P·P·O·W is pleased to present a two-person booth of works by David Wojnarowicz (1954 – 1992) and Carlos Motta (b. 1978), artists who embrace queer identities as a means of social and political critique. Featuring photography, painting, sculpture, and video, our booth will present works from 1978 to 2018 that explore complementary strains in both artists’ practices, specifically self-portraiture and investigations of American aggression in Latin America. Marrying themes of mortality, performed identity, and sexual alterity to discussions of Western imperialism, our booth seeks to draw parallels between two important voices in contemporary art. For ARCO Madrid 2019, Carlos Motta curated his work in conjunction with Wojnarowicz’s and has created a new series of self-portraits.
Carlos Motta was born in Bogotá, Colombia and lives and works in New York City. He received his MFA from Bard College (2003) and completed the Whitney Independent Study Program (2006). His work was the subject of survey exhibitions including Carlos Motta: Formas de libertad at the Museo de Arte Moderno de Medellín, Colombia (2017) Matucana 100, Santiago, Chile (2018), and Carlos Motta: For Democracy There Must Be Love, Röda Sten Konsthall, Gothenburg, Sweden (2015). His work was recently acquired by The Metropolitan Museum of Art, New York and The Museum of Modern Art, New York. His work is represented in the permanent collections of the Guggenheim Museum, New York; Museo Nacional Centro de Arte Reina Sofia, Madrid; Museo de Arte Contemporaneo de Barcelona; and Museo de Arte de Banco de la República, Bogotá, among others. Motta has been awarded the Vilcek Foundation’s Prize for Creative Promise (2017); the PinchukArtCentre’s Future Generation Art Prize (2014); and a Guggenheim Fellowship (2008). Motta’s second solo exhibition with P·P·O·W will open in April 2019.
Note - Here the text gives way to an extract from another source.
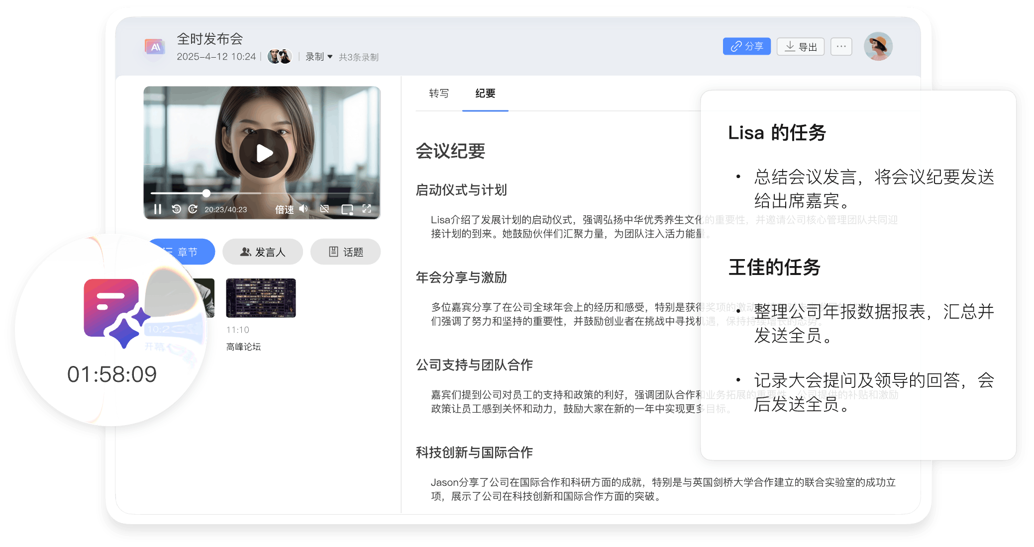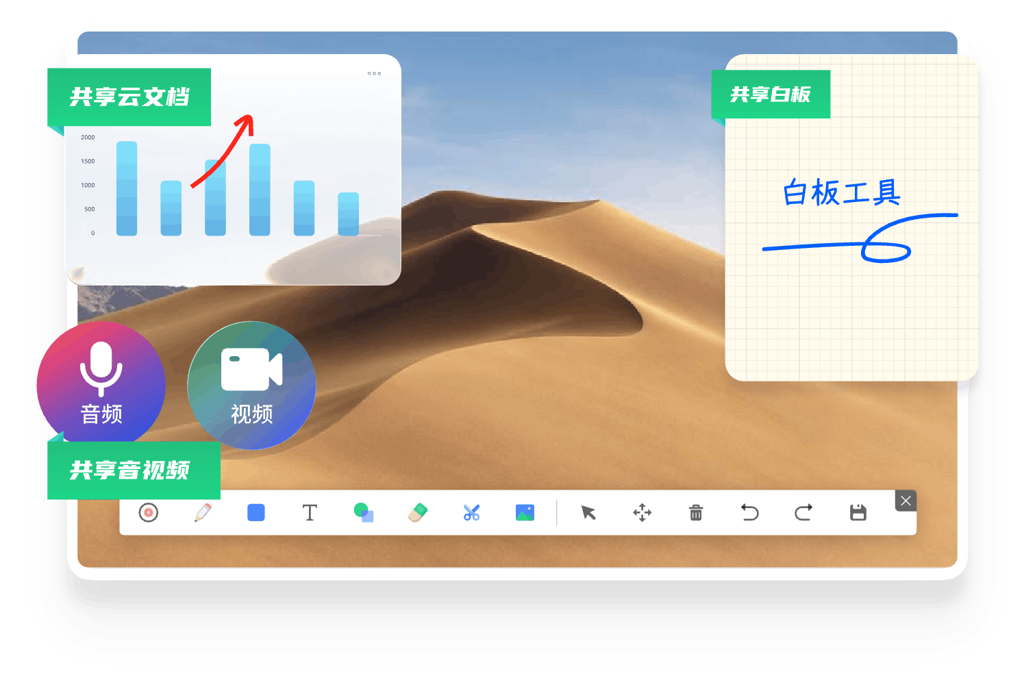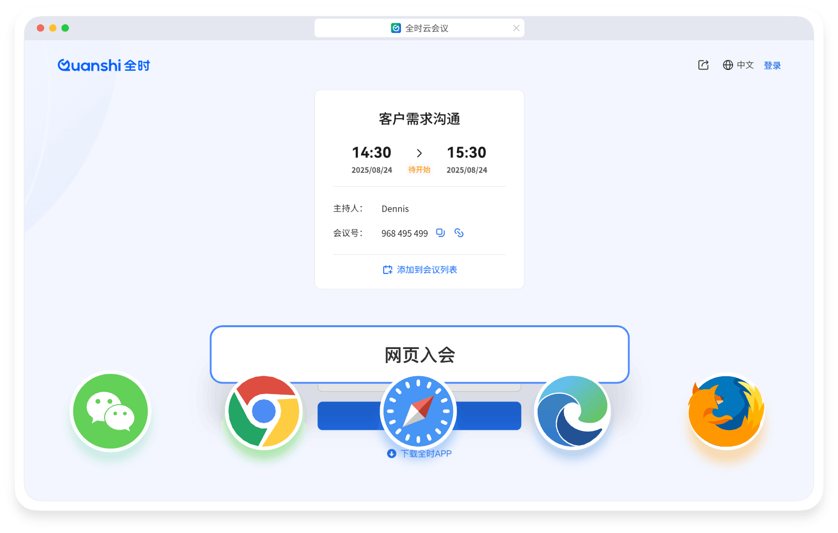 全时云会议的优势 免下载免安装网页入会 无需下载客户端,网页加入会议,支持微信浏览器、Chrome、Safari、Edge、Firefox 音视频共享更顺畅 视频更清晰、流畅 自研SVC,可根据机器情况、网络情况和观看者屏幕分辨率动态调整编码层数、分辨率兼顾清晰度、流畅度和带宽占用。 音频原声无损伤 自研AI降噪算法超强,智能精准识别消除超百种背景噪声;AI回声消除算法也优,1024ms内回声全消,抑啸叫且护原声。 更多共享方式 电脑支持多种共享:桌面自定义区域/白板/本地音视频共享手机支持屏幕共享、支持远程控制。 不限参会终端 兼容 Windows、iOS、安卓、鸿蒙系统,电脑和手机都适用 不限录制及纪要 会议实时录制,通过AI智能总结生成纪要,根据主题、参会者、章节分类 共享一切 手机共享桌面、白板、云文档及音视频,可协作批注,保存及分享 300家全球500强企业都在用 823 次浏览

David Wojnarowicz was born in Red Bank, NJ and died in New York City. His work has been included in solo and group exhibitions around the world at institutions such as The Museum of Modern Art, New York; Museum of Contemporary Art, Chicago; The American Center, Paris, France; The Busan Museum of Modern Art, Korea; Centro Galego de Art Contemporanea, Santiago de Compostela, Spain; The Barbican Art Gallery, London; and the Museum Ludwig, Cologne. His work is in the permanent collections of major museums nationally and internationally and his life and work have been the subject of significant scholarly studies. Wojnarowicz has had retrospectives at the galleries of the Illinois State University (1990) and at the New Museum, New York (1999). A third retrospective, David Wojnarowicz: History Keeps Me Awake at Night, co-curated by David Kiehl and David Breslin, opened at the Whitney Museum of American Art in July 2018 and will travel to the Museo Reina Sofia, Madrid in May 2019, and the Musee d’Art Moderne Grand-Duc Jean, Luxembourg City in November 2019. A concurrent exhibition of Wojnarowicz’s films and photographs will open at the Kunst-Werke Institute for Contemporary Art, Berlin in February 2019.